Huntington’s disease, also called Huntington’s chorea or HD, is a hereditary condition due to the death of neurons or brain cells. It is a progressive brain disorder characterized by uncontrolled movements, emotional problems, and reduced cognition or thinking ability.
According to Mayo Clinic, Huntington’s disease occurs due to a hereditary defect in a single gene. As a autosomal disorder, it means a person just needs one copy of the said gene to develop the condition. This also means that someone with Huntington gene could it to his offspring. Thus, each family offspring has a 50 percent chance of inheriting the defective gene that leads to the development of Huntington’s disease.
Huntington’s disease carries its figures on a global scale. According to Huntington’s New South Wales, it is estimated that about five to seven people for every 100,000 population in Western territories are affected by the condition.
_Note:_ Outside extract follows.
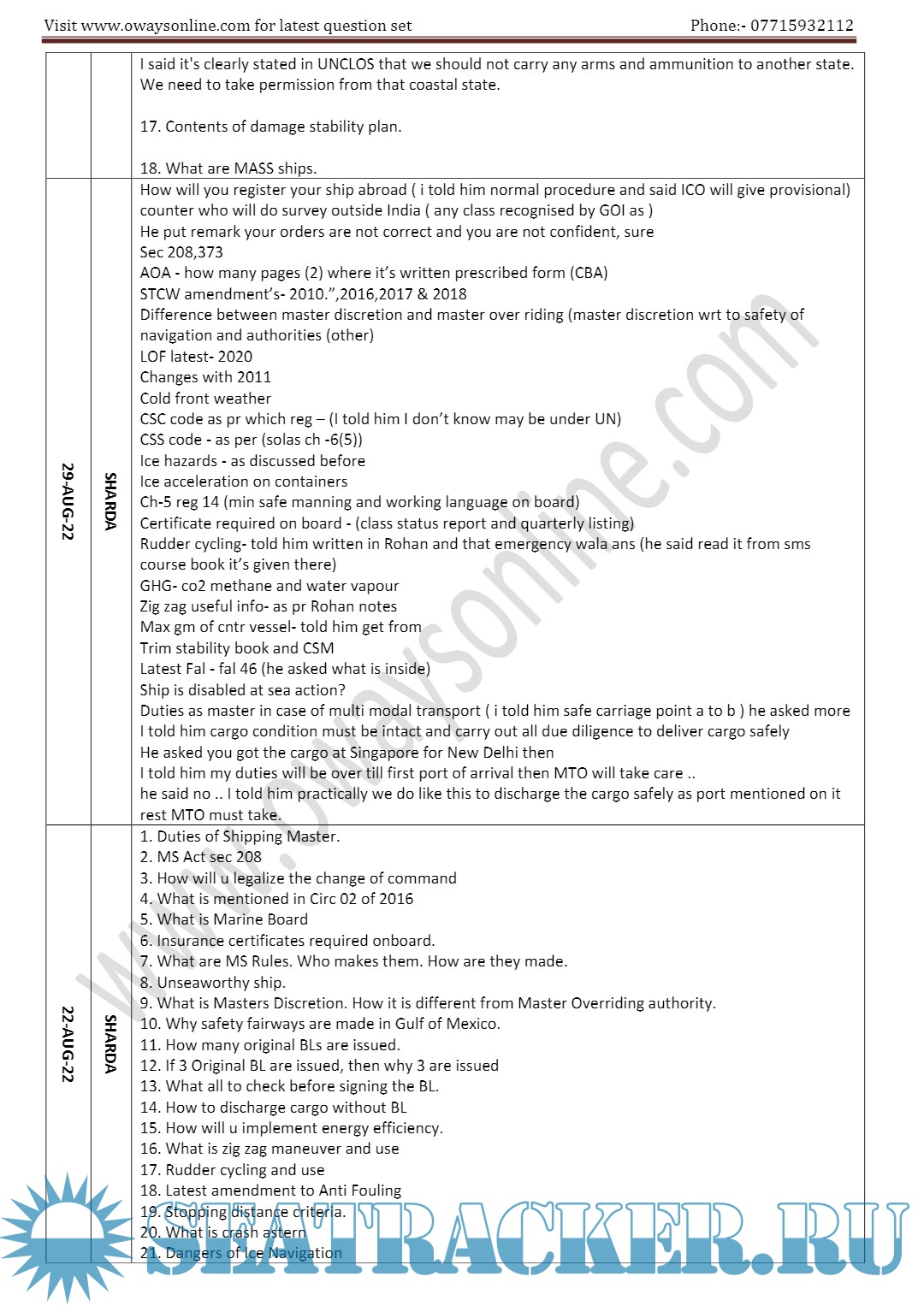 Description: Orals Question Bank for ASM (Advanced Shipboard Management) / Master's Mercantile Marine Department (MMD), India Examinations.

In addition, a greater saturation of the disorder has been identified in the Lake Meracaibo area in Venezuela, where the Huntington’s disease prevalence is about 700 for every 100,000 people. Moreover, about 1,600 people have Huntinton’s disease and 6,000 are at risk in Australia while about 12 per 100,000 people is the condition’s prevalence in Tasmania.
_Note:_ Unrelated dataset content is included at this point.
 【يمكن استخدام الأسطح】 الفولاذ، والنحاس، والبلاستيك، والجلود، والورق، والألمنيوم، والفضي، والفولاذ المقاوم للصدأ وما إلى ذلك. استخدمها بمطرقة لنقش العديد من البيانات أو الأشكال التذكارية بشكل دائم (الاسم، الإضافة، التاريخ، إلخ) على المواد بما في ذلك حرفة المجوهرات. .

The symptoms of Huntington’s disease are primarily motor, cognitive, and psychological in nature. According to Mayo Clinic, the motor symptoms include chorea, which is described as involuntary jerking or writhing movements; dystonia; slow or abnormal eye movements; impaired posture, balance, and gait; dysphagia or difficulty in swallowing; and difficulty of speech.
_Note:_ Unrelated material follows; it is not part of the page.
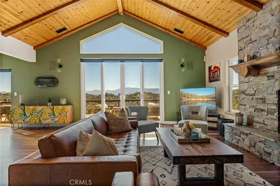 This home is what Lake View dreams are made of and this home has LAKE RIGHTS! This highly updated and FULLY permitted A-Frame Cabin and detached Guest Studio are a must-see. Very rarely will you find anything as custom and unique with new high high end finishes throughout and comes FULLY furnished and very well stocked with anything and everything you need from the kitchens to the bathrooms, bedrooms, downstairs den, patios, and guest studio and is impecably decorated down to every little detail. As soon as you enter the main house, it's a mezmerizing experience with the soaring ceilings and windows which flood the entire room with beautiful natural light...and that VIEW!!! On the main level is the living room with mounted TV and Sonos, a brand new expanded deck, perfect for entertaining or watching the sun rise over the lake with that morning cup of coffee. There is also a remodeled kitchen w/quartz counters, french sink, new cabinetry and stainless appliances, 2 bedrooms including the Primary with a $9K queen sleep number i8 bed and en-suite bathroom, and a full hall bathroom. Upstairs is a loft, a large 2nd bedroom, full bath, and a walk in closet which also has a cozy little cubby with 2 more children's beds! The lower level is a den with a cozy fireplace, Leather furniture, TV, oversized laundry room with new LG steam washer and dryer, and direct access to the huge fully furnished deck where there's a gas fire pit and BBQ. Now about this darling guest cottage with it's own balcony and rocking chairs. Inside there's a queen bed, full kitchen with stove, microwave, new fridge, closet, desk and new OLED TV, and remodeled bathroom. You'll NEVER want to leave! Too many features to mention but here are some highlights: Rare oversized lot that is Fully Fenced oversized 2 garage with a huge bonus room above which can be used in various ways, new driveway and parking area fitting a total of 6 cars, New AC, New Tankless WHs in both homes, new loft railing, part of the roof is brand, new dual pane windows,whole house water filtration for both homes, new LED lighting throughout, many smart home upgrades including wifi garage door, Nest thermostats,Nest hardwired cameras, Nest smoke and CO2 alarms, smart light switches,smart water monitor and shutoff, new rain gutters, fully permitted Electrical Panel upgrade, EV charging outlet (charger not included), new high end window treatments and Netgear Wifi6 mesh networking hardware. Enjoy Lake Life at it's best!

The cognitive impairments in Huntington’s disease include difficulty organizing, prioritizing, or focusing on tasks; lack of flexibility or inclination to get stuck on a thought, action, or behavior; lack of impulse control, which may lead to outbursts; lack of awareness about one’s own skills and behavior; difficulty learning new information; and delayed thought processes.
As per the publication, depression stands as the most common psychiatric disorder attached to Huntington’s disease. In this regard, it can be accompanied by symptoms like feelings of apathy, sadness, or irritability; social withdrawal, insomnia, fatigue and loss of energy; as well as frequent thoughts of death and suicide.
While medications like antidepressants, mood stabilizers, and involuntary movement suppressants are given to treat Huntington’s disease, home remedies can also be done to complement existing medical management.
One management for Huntington’s disease is training of the mind. According to Dr. Axe’s official website, physicians suggest that family and caregivers of a person with the disorder should help establish a kind of environment that is not stressful, allows decision-making, and promotes learning. Examples are the use of calendar and clear schedules, creation of predictable routine, and setting of reminders. The living area should also be kept organized and certain activities should be prioritized over the others. Also, difficult tasks can be broken down to manageable ones and family conflict or fights should be avoided.
Physical activity delays the progress of Huntington’s disease, according to Organic Facts. As per the publication, exercise stimulates sweating and it keeps the body’s active state, which promotes the release of endorphins and hormones that stimulate the break and prevent it from breaking down. Also, physical activity promotes sweating, which removes toxins from the body. This way, the body will be able to detoxify itself and combat the condition. Other means to promote sweating is to consume spicy foods like wasabi, chili, and hot pepper.
Huntington’s disease has different process than heart attack and cancer; however, it produces symptoms that decrease a person’s level of function. Thus, medical consult is helpful to assess the client, form a plan of care, implement strategies, educate the client and the significant others, and evaluate the management outcome.